La cura della nostra anima dipende soprattutto dal giusto atteggiamento mentale. Esiste infatti un filo impercettibile che unisce valori incarnati, autostima e salute interiore.

Fiducia e diffidenza_cartello

Gli antichi greci, per esempio, non concepivano la medicina solo come trattamento delle malattie. Platone, infatti, nel Carmide diceva che la saggezza deriva dalla conoscenza di se stessi e si profila come il “farmaco” che toglie quel “mal di testa” che è l’ignoranza data dalla presunzione del sapere: il maggior “mal di testa” di cui si possa soffrire. Contrariamente a certe visioni riduttivistiche che a lungo hanno dominato la cultura occidentale considerando il malato solo come macchina da riparare, Platone spiegava che il rimedio alla malattia non consiste solo nel farmaco biologico – le erbe – ma anche nel farmaco fatto di logoi, cioè di buoni discorsi: l’uno e l’altro devono andare di pari passo.

Gli psicologi, anche oggi, ci informano che non solo il corpo si ammala, ma anche l’anima, perché la mancanza di corrispondenza rispetto ai valori e ai modelli proposti crea un malessere dovuto all’insicurezza e al disorientamento. Quel misterioso congegno mentale, che è l’autostima, verifica, di volta in volta, la valutazione che abbiamo di noi stessi e la considerazione sociale ottenuta dalla nostra persona. Ad esempio, valutazioni del tipo “se vado bene a scuola” o “se riesco nelle relazioni e nel lavoro” possono peggiorare o migliorare il nostro benessere mentale. Una aspettativa elevata è dovuta a una autovalutazione elevata.
Buona parte dei mali del nostro tempo, dunque, non hanno un’origine somatica. Il più delle volte è il contrario: sono le sofferenze psichiche a determinare pesanti conseguenze sul corpo. Questi mali dipendono molto spesso dall’incapacità di mettere ordine nella nostra vita, distinguere ciò che è essenziale da ciò che non lo è.

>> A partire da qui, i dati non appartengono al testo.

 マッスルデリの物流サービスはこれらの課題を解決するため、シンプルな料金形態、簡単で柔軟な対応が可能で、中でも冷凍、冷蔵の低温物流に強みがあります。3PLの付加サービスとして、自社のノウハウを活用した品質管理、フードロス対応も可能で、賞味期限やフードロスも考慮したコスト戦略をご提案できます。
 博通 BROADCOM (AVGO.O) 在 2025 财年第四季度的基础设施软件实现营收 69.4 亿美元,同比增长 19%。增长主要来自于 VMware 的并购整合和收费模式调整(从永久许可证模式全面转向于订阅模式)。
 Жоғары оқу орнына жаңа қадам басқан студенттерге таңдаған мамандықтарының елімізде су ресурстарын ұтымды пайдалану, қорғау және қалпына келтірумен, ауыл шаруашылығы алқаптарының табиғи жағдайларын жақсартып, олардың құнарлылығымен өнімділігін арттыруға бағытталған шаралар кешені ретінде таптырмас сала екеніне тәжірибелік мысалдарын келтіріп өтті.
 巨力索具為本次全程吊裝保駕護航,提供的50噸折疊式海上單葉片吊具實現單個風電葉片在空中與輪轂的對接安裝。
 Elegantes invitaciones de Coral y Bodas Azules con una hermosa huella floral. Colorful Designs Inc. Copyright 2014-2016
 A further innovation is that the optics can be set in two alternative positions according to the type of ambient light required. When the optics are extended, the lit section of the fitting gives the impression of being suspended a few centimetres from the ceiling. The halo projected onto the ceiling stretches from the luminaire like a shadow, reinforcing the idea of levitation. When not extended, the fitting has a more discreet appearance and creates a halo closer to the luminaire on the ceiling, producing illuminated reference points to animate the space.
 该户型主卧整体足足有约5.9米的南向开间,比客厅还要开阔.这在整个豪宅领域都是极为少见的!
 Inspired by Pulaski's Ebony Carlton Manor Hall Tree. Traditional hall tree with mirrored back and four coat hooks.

Anselm Grün, a tal proposito, riprendendo il concetto di “fiducia originaria” esposto da Erik Erikson, dice che per una buona maturazione psicologica dei bambini è determinante il potersi fidare dei propri genitori e, attraverso di essi, anche di se stessi. “Quando un bambino sviluppa una scarsa fiducia originaria – dice – diviene esageratamente autocritico: dubita di se stesso, delle proprie capacità e del suo essere accettato da parte degli uomini”.
L’uomo, infatti, non nasce con un’identità definita; la costruisce soprattutto nei primi anni di vita, e continua a costruirla per tutto l’arco della propria esistenza. La psiche è una realtà storica, cambia a seconda delle relazioni in famiglia e poi di quelle sociali, e risente dei mutamenti della società. La stabilità psichica dipende molto dai primi messaggi che il bambino riceve dai genitori. Per lui sono molto importanti le prime parole di censura o di incoraggiamento. Se cerca di sperimentare qualcosa di nuovo e si sente dire “sei troppo piccolo per questo” o “non sei capace di farlo” nel bambino si genererà un basso senso di autostima perché gli sono stati comunicati dei messaggi negativi. O ancora se si sente ripetere da un familiare con il quale ha un legame affettivo importante “sei un cretino” e poi glielo dice anche la maestra, svilupperà un’identità negativa.
Ma, ancor prima, il bambino percepisce la morfologia del volto dei genitori e da essa comprende se considerano il suo valore o meno. La fiducia nella vita, dunque, è la condizione grazie alla quale il bambino può trovare l’identità dell’io. Se il bambino si sente circondato da un rapporto di fiducia, è molto probabile che da adulto riuscirà a mantenere un buon grado di autonomia. “L’identità dell’io – osserva padre Anselm – implica il sentimento di aver accettato tutti gli aspetti della vita e di averli integrati nel proprio io, comporta il fatto di aver visto il filo d’oro della vita e di aver trovato l’unità interna dell’essere”.

Ma proprio perché è una realtà storica, l’autostima può anche essere recuperata. In una società liquida, che non dà certezze né punti di riferimento precisi, questo processo continua nell’età adulta. Nel momento in cui c’è il confronto con l’altro, la psiche degli individui è schiacciata dalla necessità di mostrarsi sempre all’altezza, è costretta a costruirsi una vera e propria corazza caratteriale e la depressione non è che la contropartita delle grandi riserve di energia che ciascuno di noi deve spendere per diventare se stesso.